REQUIRED ACTION :: The required output is the exact run of lines below that opens at the line with "She grips her" and closes at the line with "为深入学习贯彻习近平总书记关".

RECORDS FOR THE EXERCISE ::
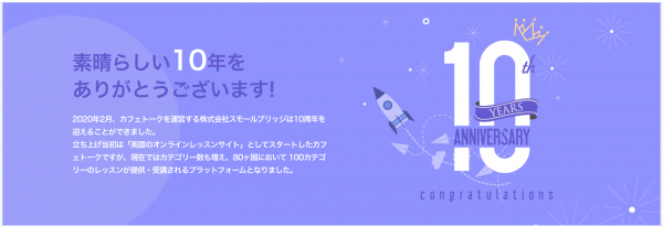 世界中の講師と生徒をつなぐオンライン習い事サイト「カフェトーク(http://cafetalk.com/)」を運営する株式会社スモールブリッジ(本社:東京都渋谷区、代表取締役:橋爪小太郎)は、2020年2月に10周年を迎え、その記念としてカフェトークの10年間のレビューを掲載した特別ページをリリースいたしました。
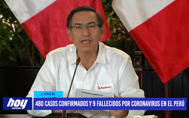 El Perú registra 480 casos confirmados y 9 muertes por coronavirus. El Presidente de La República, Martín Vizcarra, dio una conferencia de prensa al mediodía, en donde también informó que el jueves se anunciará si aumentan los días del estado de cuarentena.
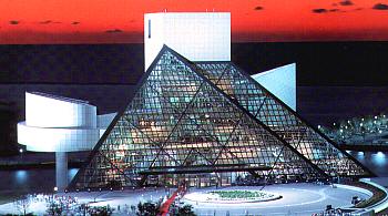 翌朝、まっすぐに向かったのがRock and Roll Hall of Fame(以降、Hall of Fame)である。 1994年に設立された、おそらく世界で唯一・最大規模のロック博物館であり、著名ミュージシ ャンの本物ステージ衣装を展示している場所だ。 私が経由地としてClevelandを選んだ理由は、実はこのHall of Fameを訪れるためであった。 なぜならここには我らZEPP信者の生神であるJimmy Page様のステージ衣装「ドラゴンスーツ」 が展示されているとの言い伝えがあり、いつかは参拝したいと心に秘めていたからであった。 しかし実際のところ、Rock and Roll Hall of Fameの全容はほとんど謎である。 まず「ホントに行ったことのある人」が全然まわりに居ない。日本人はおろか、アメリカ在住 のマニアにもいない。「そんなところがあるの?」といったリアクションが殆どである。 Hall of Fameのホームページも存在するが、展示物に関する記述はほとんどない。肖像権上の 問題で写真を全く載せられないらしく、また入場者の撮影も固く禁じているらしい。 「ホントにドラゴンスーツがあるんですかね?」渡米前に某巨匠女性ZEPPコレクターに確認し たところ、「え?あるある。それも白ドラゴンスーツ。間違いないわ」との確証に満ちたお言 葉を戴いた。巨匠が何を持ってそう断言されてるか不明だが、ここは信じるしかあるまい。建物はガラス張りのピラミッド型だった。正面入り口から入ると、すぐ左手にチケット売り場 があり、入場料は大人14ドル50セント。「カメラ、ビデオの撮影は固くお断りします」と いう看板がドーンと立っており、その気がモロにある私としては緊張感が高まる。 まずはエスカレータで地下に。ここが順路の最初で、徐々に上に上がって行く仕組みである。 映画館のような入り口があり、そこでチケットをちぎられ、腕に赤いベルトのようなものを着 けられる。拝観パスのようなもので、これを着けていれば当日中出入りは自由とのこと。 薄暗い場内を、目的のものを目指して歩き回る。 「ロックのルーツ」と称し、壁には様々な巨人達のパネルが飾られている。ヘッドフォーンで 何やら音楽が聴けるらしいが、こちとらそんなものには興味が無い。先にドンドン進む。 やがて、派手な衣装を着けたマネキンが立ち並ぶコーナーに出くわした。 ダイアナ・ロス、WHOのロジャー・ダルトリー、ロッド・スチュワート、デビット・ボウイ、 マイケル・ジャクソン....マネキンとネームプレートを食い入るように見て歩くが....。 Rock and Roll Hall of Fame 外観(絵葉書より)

---

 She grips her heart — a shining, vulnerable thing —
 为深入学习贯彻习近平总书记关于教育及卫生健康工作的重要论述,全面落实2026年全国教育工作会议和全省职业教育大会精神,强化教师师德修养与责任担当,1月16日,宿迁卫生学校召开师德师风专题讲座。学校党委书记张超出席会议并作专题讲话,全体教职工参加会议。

SOLUTION BELOW ::
 She grips her heart — a shining, vulnerable thing —
 为深入学习贯彻习近平总书记关于教育及卫生健康工作的重要论述,全面落实2026年全国教育工作会议和全省职业教育大会精神,强化教师师德修养与责任担当,1月16日,宿迁卫生学校召开师德师风专题讲座。学校党委书记张超出席会议并作专题讲话,全体教职工参加会议。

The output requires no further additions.